> **Exercise description**:
The required result is an exact copy of the lines from the one containing "This Gran Turismo" to the last line of the records, both ends included, without pictures.
------------
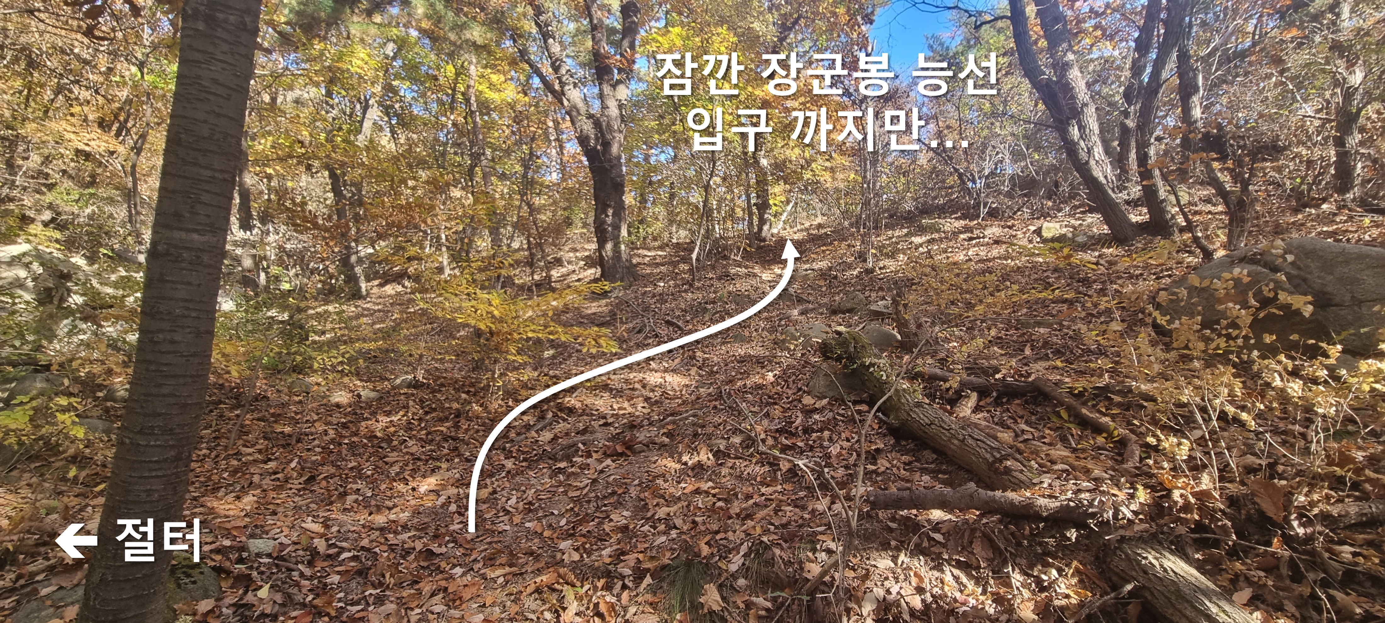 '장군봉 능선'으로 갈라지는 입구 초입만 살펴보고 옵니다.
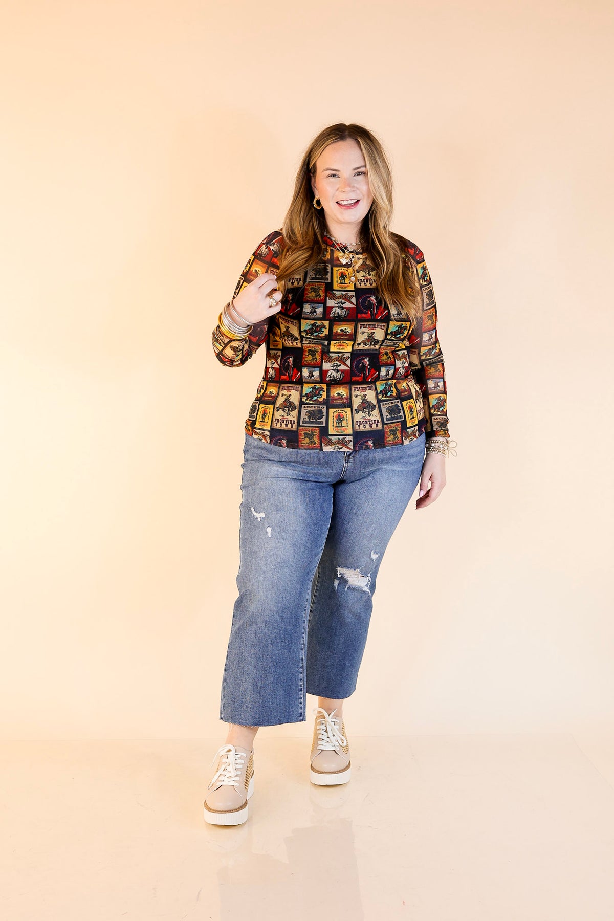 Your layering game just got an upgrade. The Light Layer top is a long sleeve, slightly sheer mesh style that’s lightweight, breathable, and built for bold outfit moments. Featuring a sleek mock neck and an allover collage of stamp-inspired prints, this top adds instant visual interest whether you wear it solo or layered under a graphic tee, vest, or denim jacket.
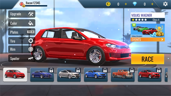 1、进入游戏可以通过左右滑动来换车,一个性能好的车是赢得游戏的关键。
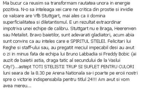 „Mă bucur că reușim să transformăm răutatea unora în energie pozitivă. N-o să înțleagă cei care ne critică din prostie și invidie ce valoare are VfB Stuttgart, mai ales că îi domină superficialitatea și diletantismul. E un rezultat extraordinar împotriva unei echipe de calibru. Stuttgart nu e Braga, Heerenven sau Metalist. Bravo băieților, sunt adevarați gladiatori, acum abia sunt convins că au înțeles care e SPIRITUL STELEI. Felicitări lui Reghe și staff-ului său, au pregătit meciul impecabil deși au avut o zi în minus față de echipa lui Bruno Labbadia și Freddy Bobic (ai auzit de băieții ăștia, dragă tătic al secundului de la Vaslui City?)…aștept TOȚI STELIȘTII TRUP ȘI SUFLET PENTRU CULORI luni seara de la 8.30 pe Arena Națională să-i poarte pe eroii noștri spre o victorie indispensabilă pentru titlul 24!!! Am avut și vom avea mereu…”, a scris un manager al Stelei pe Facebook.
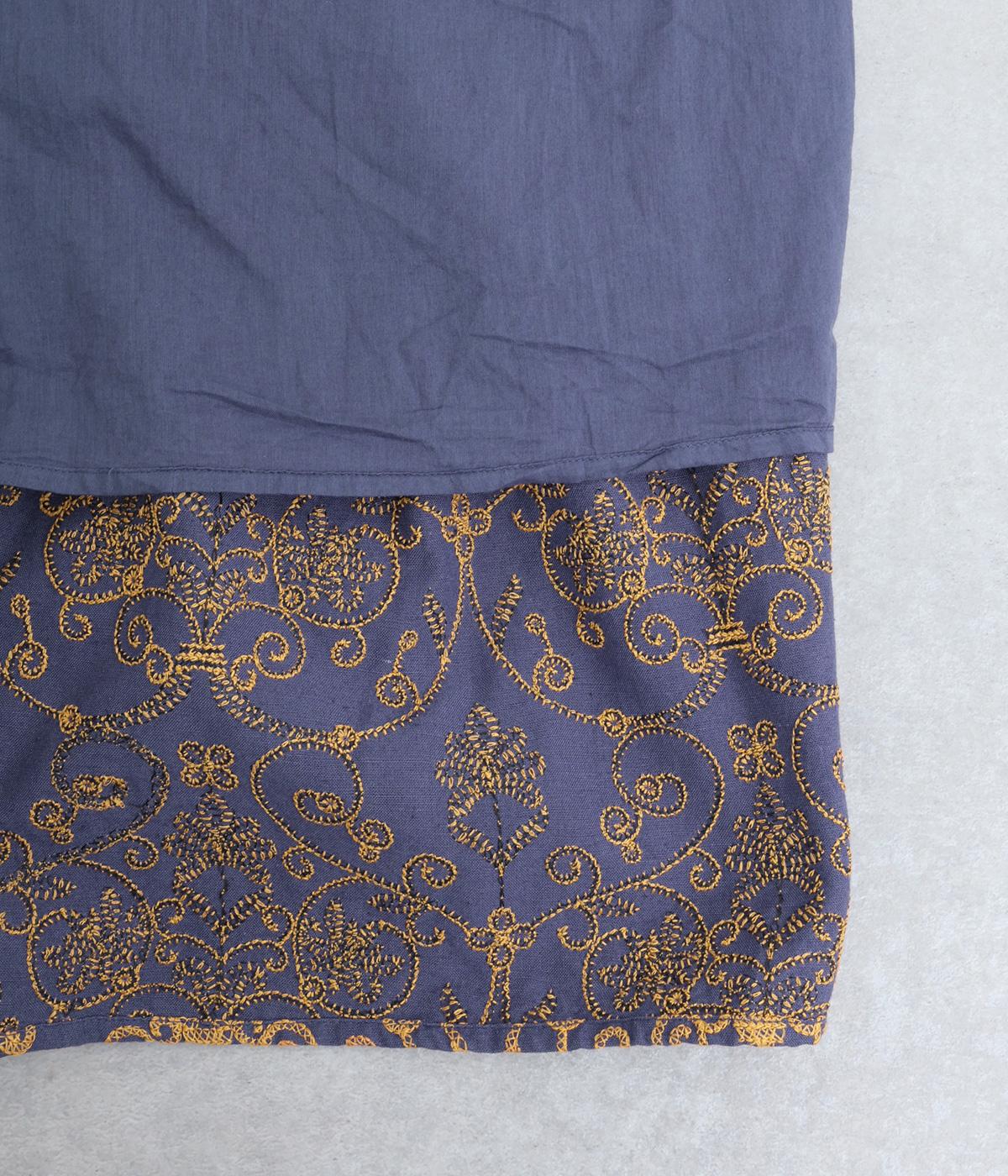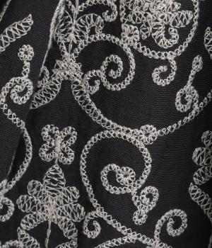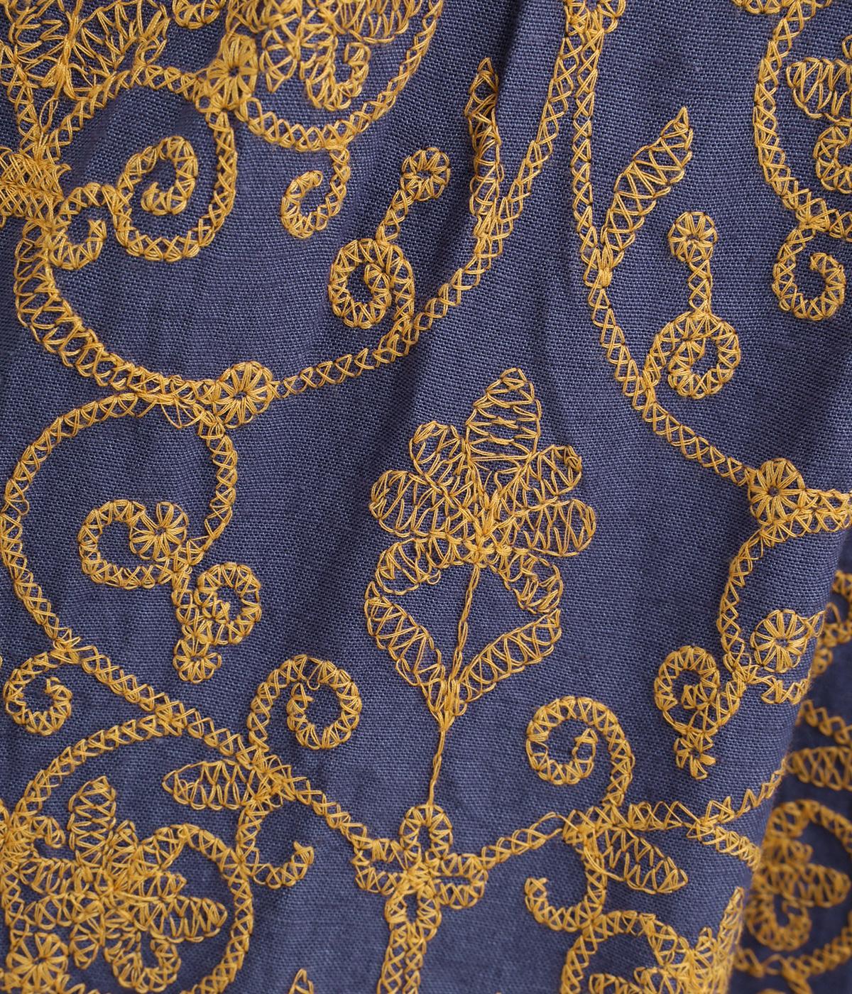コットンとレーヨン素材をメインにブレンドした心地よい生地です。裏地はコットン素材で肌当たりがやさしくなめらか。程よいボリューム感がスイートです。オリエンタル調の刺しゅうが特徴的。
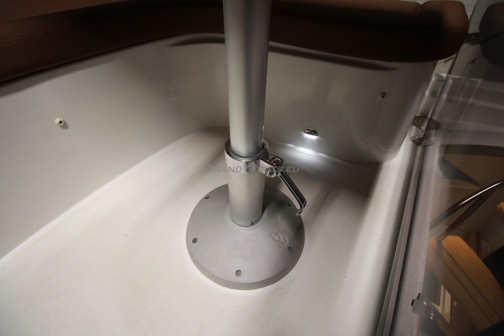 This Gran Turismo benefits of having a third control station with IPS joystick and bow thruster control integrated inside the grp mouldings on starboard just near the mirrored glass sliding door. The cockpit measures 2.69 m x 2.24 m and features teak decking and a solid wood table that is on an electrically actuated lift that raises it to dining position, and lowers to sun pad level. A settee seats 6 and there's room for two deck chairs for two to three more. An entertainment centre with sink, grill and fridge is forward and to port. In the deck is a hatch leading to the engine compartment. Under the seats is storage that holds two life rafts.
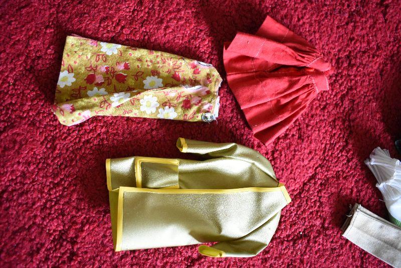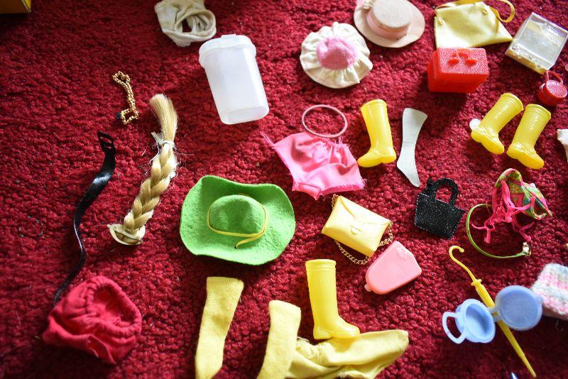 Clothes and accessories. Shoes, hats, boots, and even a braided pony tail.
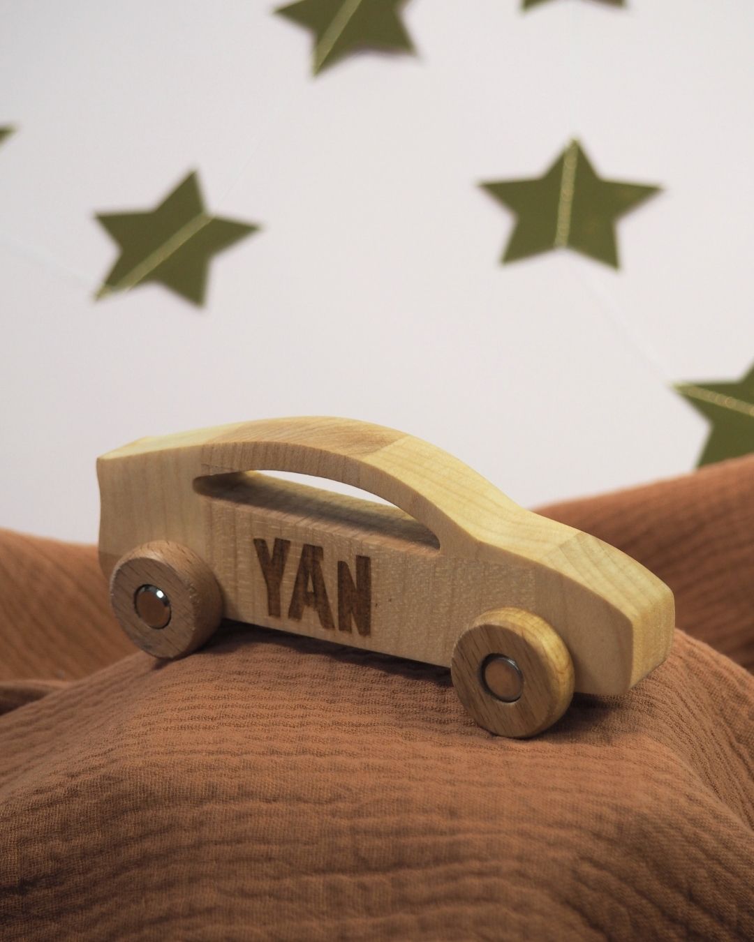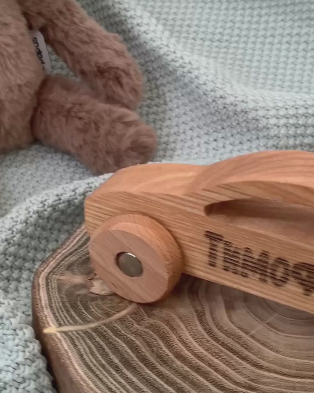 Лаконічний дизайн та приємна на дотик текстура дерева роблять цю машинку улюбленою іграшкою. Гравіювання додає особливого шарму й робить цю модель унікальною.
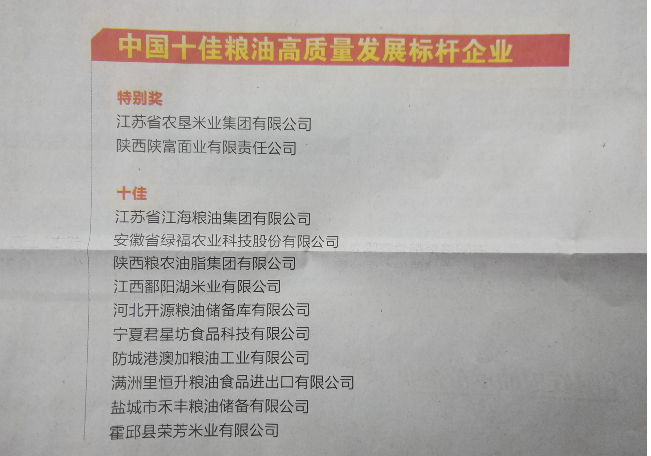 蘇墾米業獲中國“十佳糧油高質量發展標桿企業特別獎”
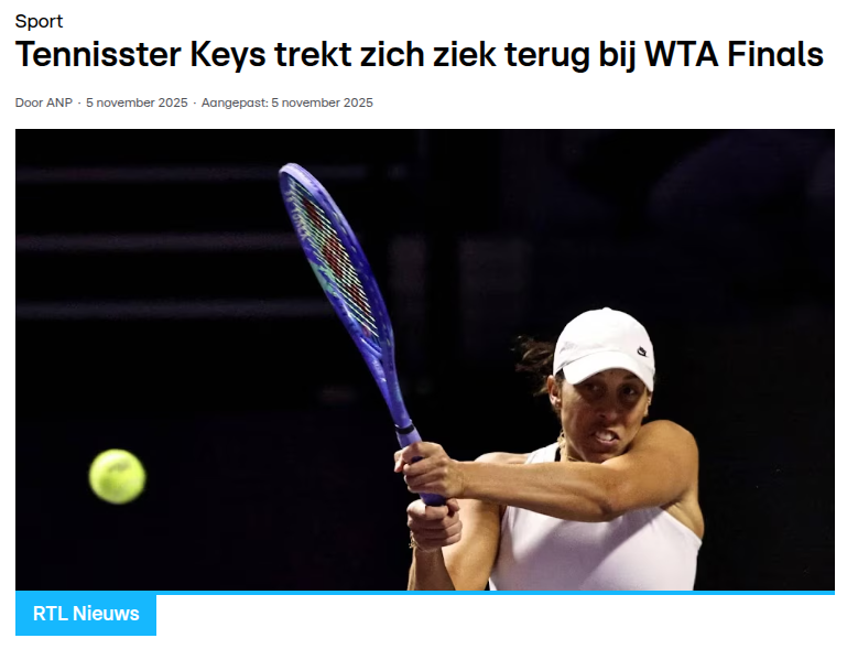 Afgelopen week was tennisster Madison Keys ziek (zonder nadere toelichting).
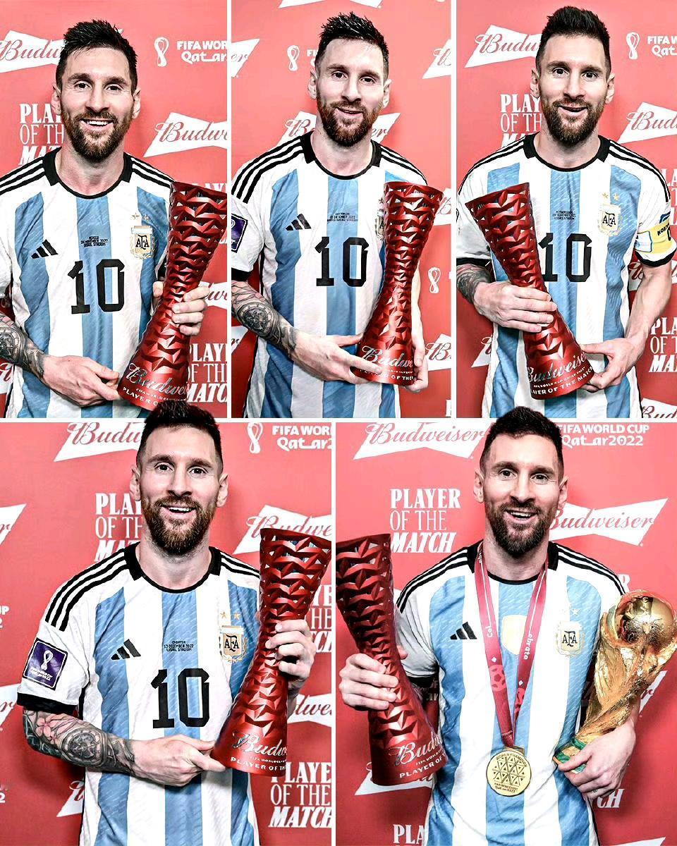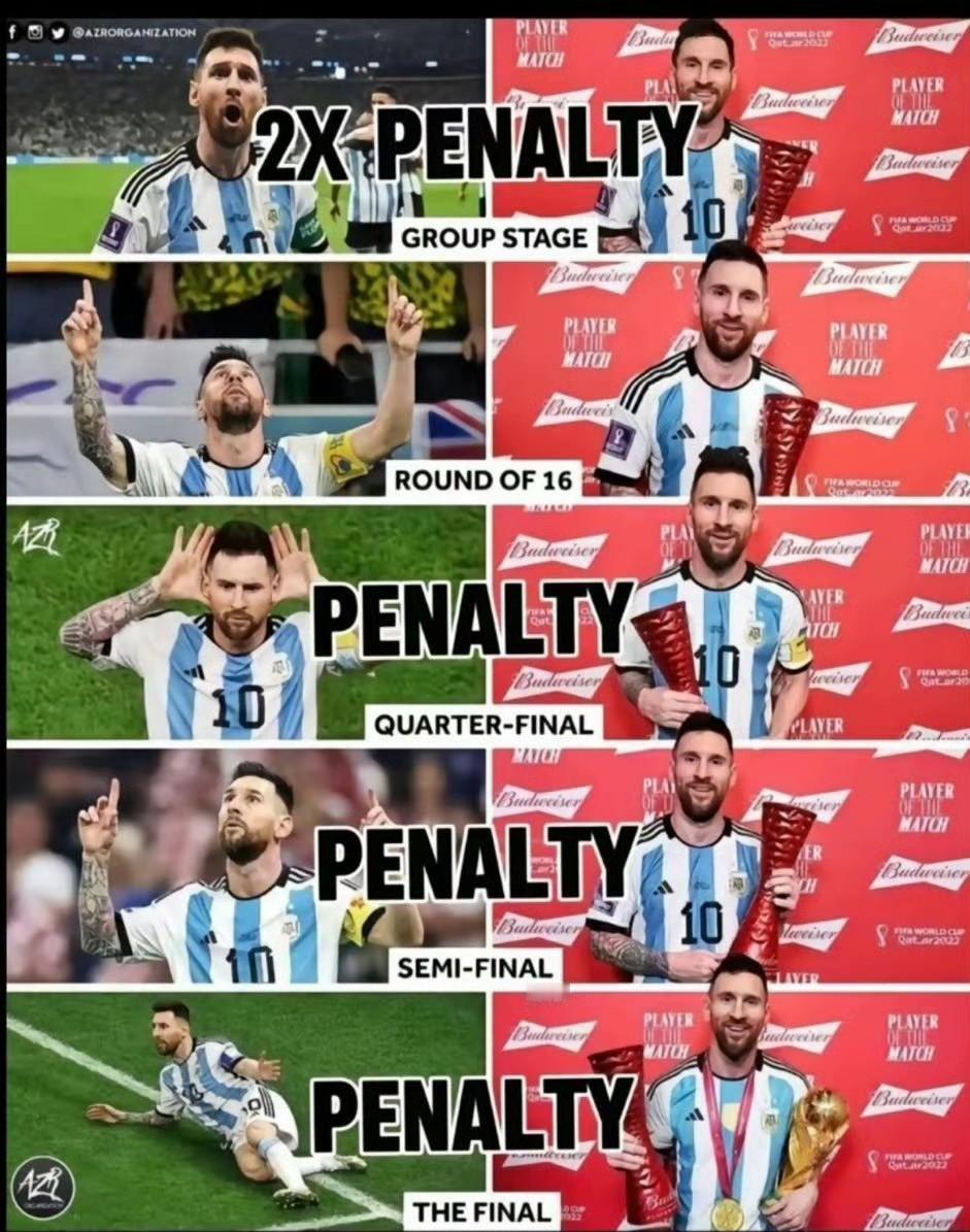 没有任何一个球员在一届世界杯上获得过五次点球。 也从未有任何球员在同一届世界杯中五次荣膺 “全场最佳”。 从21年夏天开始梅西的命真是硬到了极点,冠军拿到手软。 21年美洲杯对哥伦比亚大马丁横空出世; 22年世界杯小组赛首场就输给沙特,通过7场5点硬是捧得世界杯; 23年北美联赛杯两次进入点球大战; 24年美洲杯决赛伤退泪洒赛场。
------------
> **Exercise response**:
 This Gran Turismo benefits of having a third control station with IPS joystick and bow thruster control integrated inside the grp mouldings on starboard just near the mirrored glass sliding door. The cockpit measures 2.69 m x 2.24 m and features teak decking and a solid wood table that is on an electrically actuated lift that raises it to dining position, and lowers to sun pad level. A settee seats 6 and there's room for two deck chairs for two to three more. An entertainment centre with sink, grill and fridge is forward and to port. In the deck is a hatch leading to the engine compartment. Under the seats is storage that holds two life rafts.
 Clothes and accessories. Shoes, hats, boots, and even a braided pony tail.
 Лаконічний дизайн та приємна на дотик текстура дерева роблять цю машинку улюбленою іграшкою. Гравіювання додає особливого шарму й робить цю модель унікальною.
 蘇墾米業獲中國“十佳糧油高質量發展標桿企業特別獎”
 Afgelopen week was tennisster Madison Keys ziek (zonder nadere toelichting).
 没有任何一个球员在一届世界杯上获得过五次点球。 也从未有任何球员在同一届世界杯中五次荣膺 “全场最佳”。 从21年夏天开始梅西的命真是硬到了极点,冠军拿到手软。 21年美洲杯对哥伦比亚大马丁横空出世; 22年世界杯小组赛首场就输给沙特,通过7场5点硬是捧得世界杯; 23年北美联赛杯两次进入点球大战; 24年美洲杯决赛伤退泪洒赛场。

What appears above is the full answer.